RICHMOND, Va. – A state appeals court has sided with a Virginia Beach man who donated sperm to his longtime girlfriend, overturning a ruling that he lacked any parental rights after the couple split up.
A three-judge panel of the Virginia Court of Appeals last week overturned a lower court’s decision in the case of attorney Billy Breit, who hasn’t seen his daughter in more than a year. They ordered the case to be heard by a different judge.
Breit and Beverley Mason conceived their daughter through in-vitro fertilization. Before the birth, the couple signed a joint custody and visitation agreement in case they parted ways. They also signed an affidavit stating that Breit was the child’s biological father. They also agreed that the baby would have the hyphenated last name of Mason-Breit.
The couple split after the baby was 4 months old, and Mason abruptly stopped allowing him visitation about nine months after that, Breit said.
To this day, he hasn’t been given a reason, Breit said.
“We all would like to know the answer to that question,” Breit told The Virginian-Pilot ( http://bit.ly/ygQqGc).
Mason declined to comment except to say she would prefer to keep the matter private for the sake of the child.
Breit fought the matter, first in Juvenile and Domestic Relations Court, where he lost, and again in Circuit Court. Because he’s a practicing attorney in Virginia Beach, the judges all recused themselves.
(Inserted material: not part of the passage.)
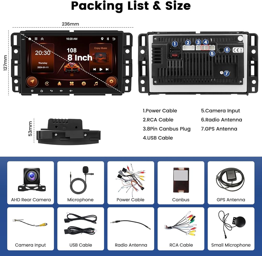 • 【نماذج السيارات المعمول بها】】 Hikity Android Car Stereo مع Canbus تناسب Chevy Avalanche (2007-2011) ؛ لتشيفي إمبالا (2006-2012) ؛ لتشيفي مونتي كارلو (2006-2007) ؛ لتشيفي سيلفرادو (2007-2014) ؛ ل Chevy Suburban (2007-2014) ؛ لتشيفي تاهو (2007-2014) ؛ ل Chevy Traverse (2009-2012) ؛ ل Chevy Buick Enclave (2008-2012) ؛ لـ GMC Acadia (2007-2012) ؛ لـ GMC Savava (2008-2013) ؛ لـ GMC Sierra (2007-2014) ؛ لـ GMC Yukon (2007-2014) ؛ لهامر H2 (2008-2009)

Retired Richmond Circuit Judge Theodore Markow was brought in to hear the case.
In arguing that Breit wasn’t the girl’s legal father, Mason’s attorneys cited a section of Virginia law that says “donors of sperm or ova shall not have any parental rights or duties for any child,” and another section that states a “donor is not the parent of a child conceived through assisted conception unless the donor is the husband of the gestational mother.”
Breit’s lawyers said those sections of law were meant to prohibit anonymous sperm or egg donors from making parental claims. And perhaps, they say, it harkens back to a time when certain legislators wanted only married couples to be parents.
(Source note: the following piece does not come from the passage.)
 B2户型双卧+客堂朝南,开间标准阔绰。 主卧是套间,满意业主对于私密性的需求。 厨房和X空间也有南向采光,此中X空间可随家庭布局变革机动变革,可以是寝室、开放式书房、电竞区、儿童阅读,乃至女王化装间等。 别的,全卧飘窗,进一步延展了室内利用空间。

In its opinion, the appeals panel called the lower court’s opinion a “manifest absurdity” that “ignores the intent of the legislature.”
Breit’s lawyer Kevin Martingayle said Markow’s decision creates “a very frightening situation.”
The ruling would mean “that any unmarried couple that engaged in any form of assisted conception would be participating in an activity where the father could one day be declared to have absolutely no parental rights,” Martingayle said.
But the General Assembly created another law that says a father can establish his rights as a parent through a “voluntary written statement” between the father and mother that acknowledges paternity, Breit’s lawyers said.
Mason can choose to appeal, but Breit says he hopes she will let the case return to Virginia Beach so they can work out an amicable solution.